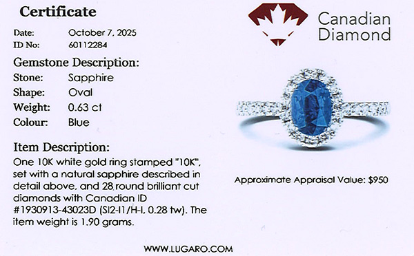 10K white gold halo ring featuring a 0.63 carat sapphire, accented by 0.28 carat total weight round brilliant cut melee Canadian diamonds.
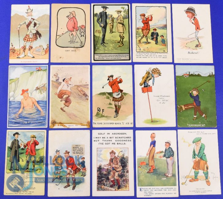 Interesting collection of amusing cartoon coloured golfing postcards from the early 20thc onwards (15) - many with annotations to include Valentine series, National Series, The Silverline series, Milton Series, Humoresqe, et al - 7 used dates ranging from 1909, 1920s, 1930s and 1940s
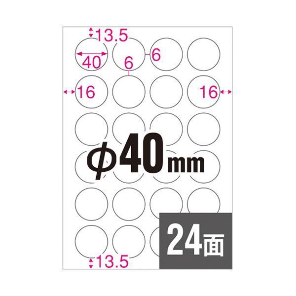 まとめ エーワン ラベルシール インクジェット 超耐水光沢紙 ホワイト A 4 24面 丸型40 mmφ 64424 1冊 10シート

• **ACTION ITEM**
Starting at the line that contains "Interesting collection of", please write out each line through the last line of the data, both ends included, and keep pictures out of the copy.

• **TASK SOLUTION**
 Interesting collection of amusing cartoon coloured golfing postcards from the early 20thc onwards (15) - many with annotations to include Valentine series, National Series, The Silverline series, Milton Series, Humoresqe, et al - 7 used dates ranging from 1909, 1920s, 1930s and 1940s
 まとめ エーワン ラベルシール インクジェット 超耐水光沢紙 ホワイト A 4 24面 丸型40 mmφ 64424 1冊 10シート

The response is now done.